Hemodynamic Complications of Liver Cirrhosis
Overview
Liver cirrhosis — the end-stage of progressive hepatic fibrosis — fundamentally disrupts portal haemodynamics. Perisinusoidal fibrosis increases resistance to portal venous flow, driving portal hypertension, which triggers a cascade of life-threatening sequelae including variceal haemorrhage, ascites, hepatic encephalopathy, and hepatorenal syndrome.
Portal Hypertension
Defined as a Hepatic Venous Pressure Gradient (HVPG) > 5 mmHg. Clinically relevant complications emerge at HVPG > 10 mmHg (varices form) and variceal bleeding risk increases sharply above 12 mmHg.
- Cause: Sinusoidal resistance increased by fibrosis + reduced endothelial nitric oxide = reduced intrahepatic vasodilatation.
- Splanchnic vasodilation: High portal flow increases nitric oxide, causing profound systemic and splanchnic vasodilation, reducing effective central blood volume.
- RAAS activation: Compensatory activation of RAAS and sympathetic system causes sodium and water retention, driving ascites and oedema.
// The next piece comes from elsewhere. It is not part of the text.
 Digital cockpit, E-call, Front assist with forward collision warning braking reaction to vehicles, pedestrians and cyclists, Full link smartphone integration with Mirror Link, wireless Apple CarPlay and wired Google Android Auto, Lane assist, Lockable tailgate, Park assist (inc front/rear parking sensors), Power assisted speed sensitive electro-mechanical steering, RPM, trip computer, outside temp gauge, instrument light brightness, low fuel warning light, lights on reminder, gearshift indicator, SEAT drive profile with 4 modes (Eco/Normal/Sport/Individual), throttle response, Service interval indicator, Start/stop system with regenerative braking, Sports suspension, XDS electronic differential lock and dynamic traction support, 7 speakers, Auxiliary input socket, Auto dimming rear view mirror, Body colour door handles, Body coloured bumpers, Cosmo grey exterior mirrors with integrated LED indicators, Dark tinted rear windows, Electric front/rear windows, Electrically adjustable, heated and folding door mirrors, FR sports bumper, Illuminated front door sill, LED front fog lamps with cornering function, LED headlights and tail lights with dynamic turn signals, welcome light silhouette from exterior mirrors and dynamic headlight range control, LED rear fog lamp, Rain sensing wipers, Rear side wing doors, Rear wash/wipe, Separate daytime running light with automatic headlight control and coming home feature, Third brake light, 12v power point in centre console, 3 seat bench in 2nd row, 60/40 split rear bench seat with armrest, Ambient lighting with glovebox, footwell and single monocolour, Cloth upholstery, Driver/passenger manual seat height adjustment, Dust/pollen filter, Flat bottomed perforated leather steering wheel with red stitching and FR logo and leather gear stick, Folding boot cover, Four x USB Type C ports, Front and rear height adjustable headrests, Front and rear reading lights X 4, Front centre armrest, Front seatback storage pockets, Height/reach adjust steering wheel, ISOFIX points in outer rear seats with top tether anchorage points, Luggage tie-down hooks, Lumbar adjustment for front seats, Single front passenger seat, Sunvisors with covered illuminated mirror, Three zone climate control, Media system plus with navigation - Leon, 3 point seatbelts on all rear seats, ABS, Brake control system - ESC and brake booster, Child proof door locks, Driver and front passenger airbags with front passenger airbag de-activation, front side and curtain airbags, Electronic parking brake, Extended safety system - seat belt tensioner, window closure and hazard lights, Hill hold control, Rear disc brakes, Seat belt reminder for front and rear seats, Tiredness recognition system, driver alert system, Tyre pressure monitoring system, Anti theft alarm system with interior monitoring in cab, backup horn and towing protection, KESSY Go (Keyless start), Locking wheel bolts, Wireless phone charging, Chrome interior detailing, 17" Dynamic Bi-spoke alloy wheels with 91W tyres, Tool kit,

Portosystemic Shunts and Varices
- Oesophageal varices: Formed via left gastric (coronary) vein into the azygous/hemiazygous system. Most dangerous site of bleeding.
- Gastric varices (GOV1/GOV2/IGV): Supplied by short gastric or left gastric veins. More difficult to treat with banding.
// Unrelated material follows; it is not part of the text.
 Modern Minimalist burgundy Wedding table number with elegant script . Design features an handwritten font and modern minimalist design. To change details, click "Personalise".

- Caput medusae: Via paraumbilical veins to the umbilicus.
- Anorectal varices: Via inferior mesenteric to iliac/pudendal veins.
- Splenorenal shunt: Via splenic vein to left renal vein — largest naturally-occurring spontaneous shunt.
WarningVariceal Haemorrhage: Life-Threatening Emergency
Variceal haemorrhage carries a 6-week mortality of 15-20% even with optimal management. Emergency management: IV terlipressin (reduces portal pressure), urgent endoscopy with banding/sclerotherapy, and antibiotic prophylaxis (prevents SBP and reduces rebleed risk). Consider Sengstaken-Blakemore tube for massive uncontrolled haemorrhage. TIPS as rescue therapy.
Imaging of Portal Hypertension
- Ultrasound Doppler: Portal vein diameter >13 mm, loss of respiratory variation, reversed (hepatofugal) portal flow, splenomegaly, ascites.
- CT: Nodular liver contour, caudate lobe hypertrophy (relative sparing), varices (enhancing serpiginous structures), splenomegaly, ascites.
- TIPS placement: Transjugular Intrahepatic Portosystemic Shunt — creates a direct channel between hepatic vein and intrahepatic portal vein using a covered metallic stent.
High Yield Facts
LightbulbFRCR / MD Prep Pearl
The caudate lobe (Segment I) has direct hepatic venous drainage to the IVC and is therefore relatively spared in cirrhosis, leading to apparent 'caudate lobe hypertrophy' on imaging. A caudate:right lobe ratio >0.65 suggests cirrhosis. The liver surface nodularity on ultrasound has a high specificity for cirrhosis.